KAYE (voice-over): And it seems that haystack is finally getting smaller. Just this week, 23 years after the heist, the FBI announced they have identified the thieves who pulled it off. Agents refused to reveal the thieves' identities, citing an ongoing investigation. They would only say the thieves were part of a criminal organization based in New England and the Mid-Atlantic.
And because it's been so long, the statute of limitations has expired. The thieves can no longer be prosecuted.
And the stolen artwork? All 13 pieces remain missing.
UNIDENTIFIED MALE: We have reason to believe it's likely that the artwork has changed hands several times.
KAYE: Investigators are also offering the possibility of immunity to anyone who has the artworks. They just want the artwork back in good condition. Because if the paintings are stashed somewhere, perhaps hidden in an attic or behind a basement wall without the right temperature or right humidity, they will be ruined, if they're not already.
It's a scenario investigators hate to even talk about, because it would likely mean these 13 masterpieces are gone forever from public view.

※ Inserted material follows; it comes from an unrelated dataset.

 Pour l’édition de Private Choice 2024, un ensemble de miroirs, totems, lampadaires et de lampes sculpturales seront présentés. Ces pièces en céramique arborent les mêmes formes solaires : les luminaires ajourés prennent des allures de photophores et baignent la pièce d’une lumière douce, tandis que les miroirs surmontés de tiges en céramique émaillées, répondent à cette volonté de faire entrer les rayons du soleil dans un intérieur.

WITTMAN: We all have a complication to maintain this material for our children. And when something like that happens, and if it's destroyed, well, we'll be letting our children down.

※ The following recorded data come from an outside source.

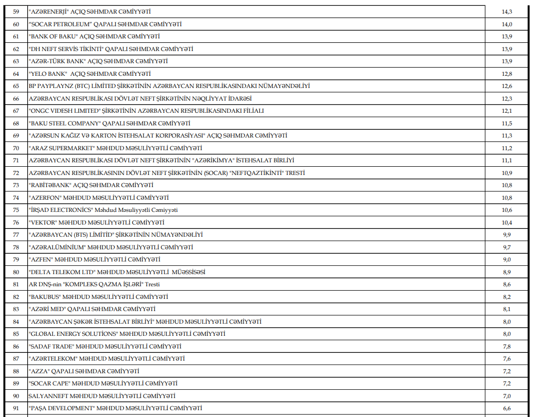 Dolayı vergilər (ƏDV, aksiz) istisna olmaqla hesablaması ən çox olan 100 vergi ödəyicisi - SİYAHI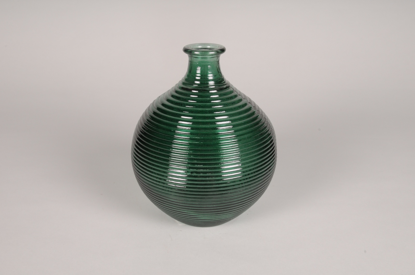 Vase bouteille en verre strié vert diamètre 16.5cm hauteur 20cm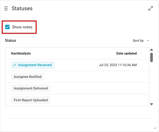 XactAnalysis also automatically adds system notes as certain assignment events occur, such as status updates or action item events.

KURKJIAN: It's stolen from the museum, it's stolen from Boston, it's stolen from America, it's stolen from the world.
ABATH: I was a victim. The museum was a victim. The city of Boston was a victim.
MARINELLO: It's a huge, huge theft. And we hope, one day, it will be a huge, huge recovery.
KAYE (on camera): If that day ever comes and the half a billion dollars' worth of art was returned here, there would be a celebration. Only then will we finally have some answers as to how these two anonymous thieves were able to flawlessly pull off the greatest art heist in history and then vanish with the artwork into the dark of night without a trace.
I'm Randi Kaye in Boston. Thanks for watching.